Additionally, VESSA prohibits employers and public agencies from refusing to hire an individual or discharging an employee based on his or her status as a victim of domestic or sexual violence. This provision, along with the provisions governing the leave policy must be posted on the premises of the employer where notices to employees are customarily posted. A copy of the required notice can be found on the Illinois Department of Labors' website here or will be provided to you by Berglund & Mastny, P.C. upon request.

Illinois' Whistle Blower Act is Effective January 1, 2004

Governor Blagojevich signed the Illinois Whistle Blower Act which becomes effective January 1, 2004. This Act prohibits employers from making, adopting or enforcing any rule, regulation or policy which would prevent an employee from disclosing information to a governmental or law enforcement agency if the employee has reasonable cause to believe that the information so disclosed is a violation of a Federal or State law, rule or regulation. This law covers all employers having at least one employee. Governmental entities are excluded. Employees who are not only employed full-time but also part-time and contractual employees are also given a private right of action under this Act.

This Act also prohibits employers from retaliating against any employee for disclosing information to a governmental or law enforcement agency. In the event an employee successfully brings suit under this Act, the Act provides for reinstatement, back pay, interest, and compensation for any damages incurred as a result of the violation including litigation costs, expert witness fees and reasonable attorney fees.
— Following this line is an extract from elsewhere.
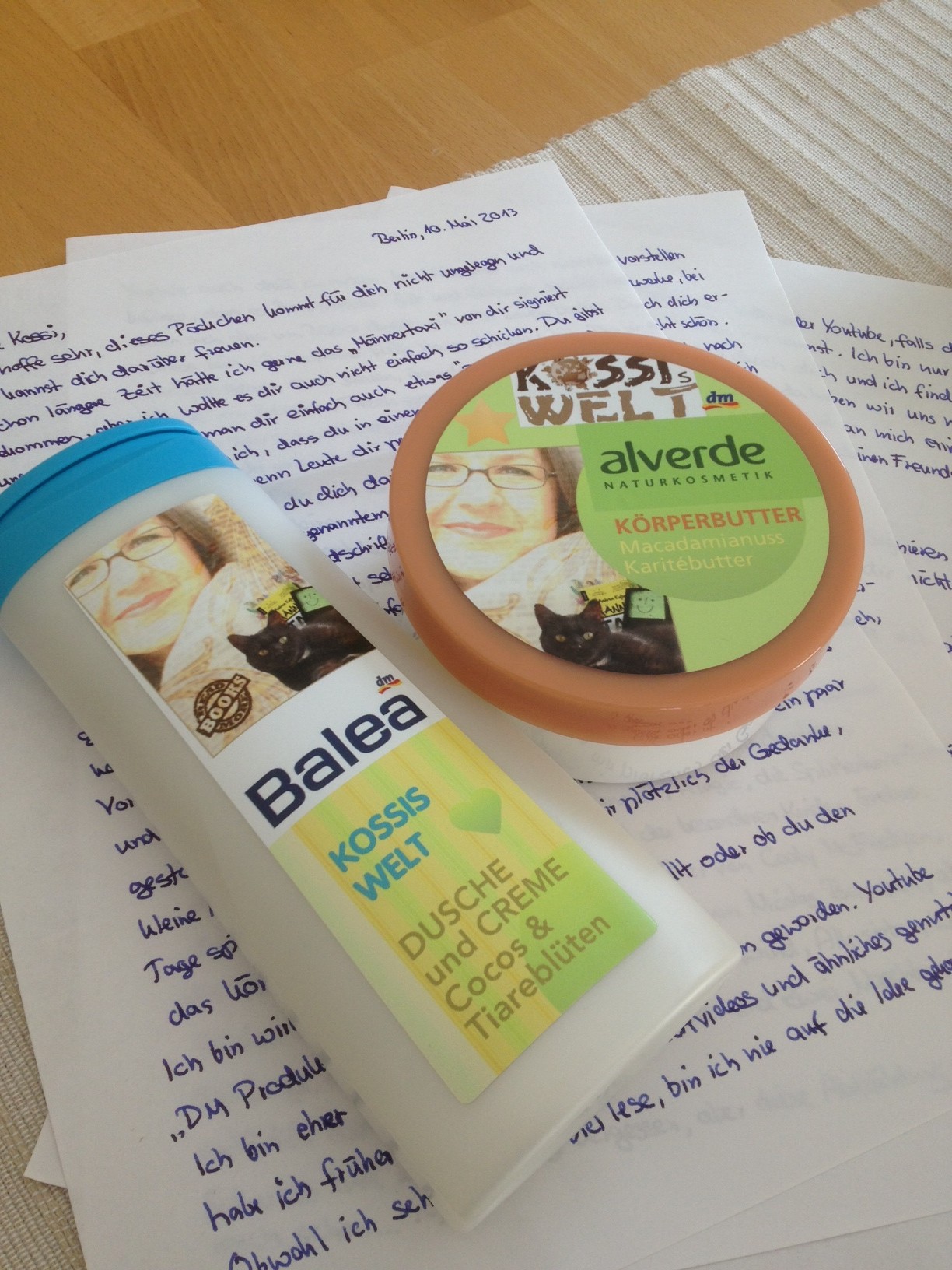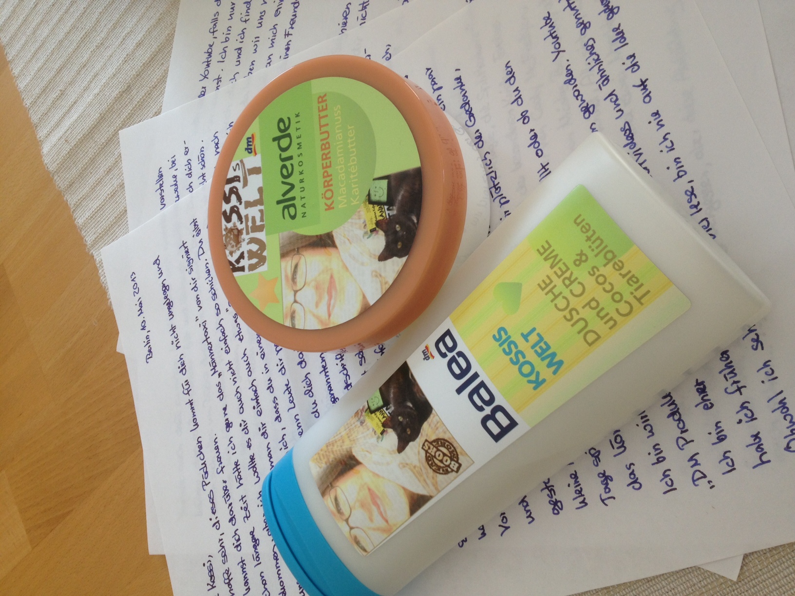 Das zweite Päckchen kam von Lena, die mir nicht nur einen fast 3 Seiten langen Brief MIT DER HAND geschrieben hat, sondern mir auch noch bei DM „Kossis Welt“-Produkte hat machen lassen. Und mit den Duftrichtungen hat sie auch noch genau meinen Geschmack getroffen!! Ich hatte von dieser DM-Aktion schon mal gehört, aber noch nieeeee mein eigenes Duschgel und Körperbutterzeugs gehabt. Eigentlich ist es fast zu schade, es zu benutzen 🙂
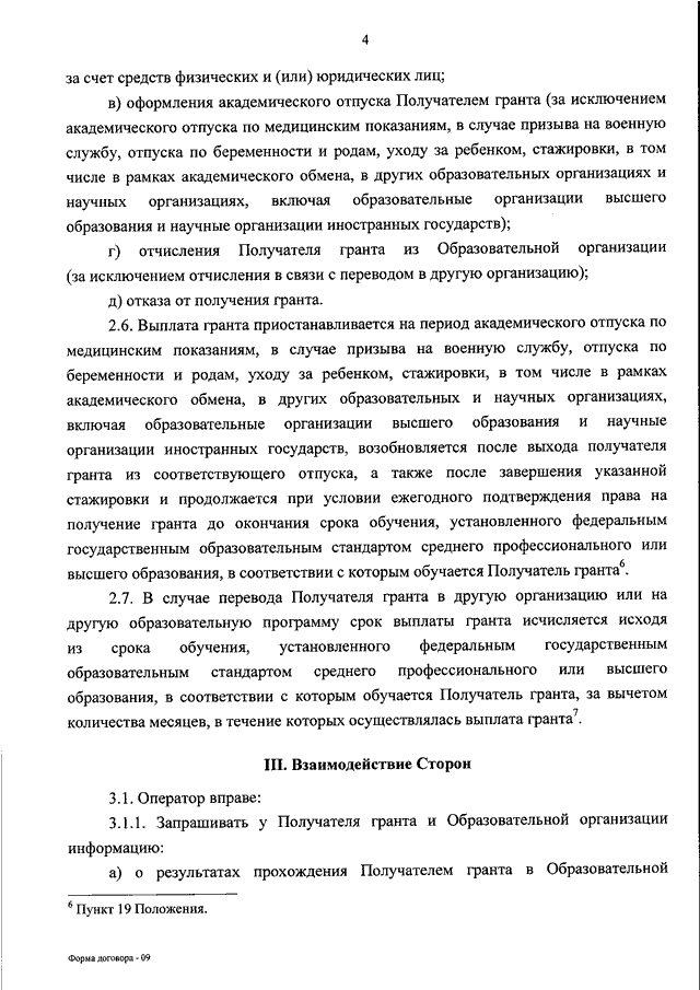 "ОБ УТВЕРЖДЕНИИ ФОРМЫ ДОГОВОРА О ПРЕДОСТАВЛЕНИИ ГРАНТА ПРЕЗИДЕНТА РОССИЙСКОЙ ФЕДЕРАЦИИ ДЛЯ ПОДДЕРЖКИ ЛИЦА, ПРОЯВИВШЕГО ВЫДАЮЩИЕСЯ СПОСОБНОСТИ И ПОСТУПИВШЕГО НА ОБУЧЕНИЕ В ОБРАЗОВАТЕЛЬНУЮ ОРГАНИЗАЦИЮ ВЫСШЕГО ОБРАЗОВАНИЯ ПО ОЧНОЙ ФОРМЕ ОБУЧЕНИЯ ПО ПРОГРАММЕ БАКАЛАВРИАТА ИЛИ ПРОГРАММЕ СПЕЦИАЛИТЕТА, ПРОФЕССИОНАЛЬНУЮ ОБРАЗОВАТЕЛЬНУЮ ОРГАНИЗАЦИЮ, ОБРАЗОВАТЕЛЬНУЮ ОРГАНИЗАЦИЮ ВЫСШЕГО ОБРАЗОВАНИЯ ПО ОЧНОЙ ФОРМЕ ОБУЧЕНИЯ ПО ПРОГРАММЕ ПОДГОТОВКИ СПЕЦИАЛИСТОВ СРЕДНЕГО ЗВЕНА ЗА СЧЕТ БЮДЖЕТНЫХ АССИГНОВАНИЙ ФЕДЕРАЛЬНОГО БЮДЖЕТА, БЮДЖЕТОВ СУБЪЕКТОВ РОССИЙСКОЙ ФЕДЕРАЦИИ ИЛИ МЕСТНЫХ БЮДЖЕТОВ"

Unlike many other employment laws which provide only monetary and/or injunctive relief, this new law provides for potential criminal penalties. Not only are employers subject to lawsuits by employees but this new law also provides that violations are also a Class A misdemeanor. As a result, employers are potentially at great risk if they retaliate against an employee who reasonably believes that he or she is disclosing a violation even if the employee is wrong.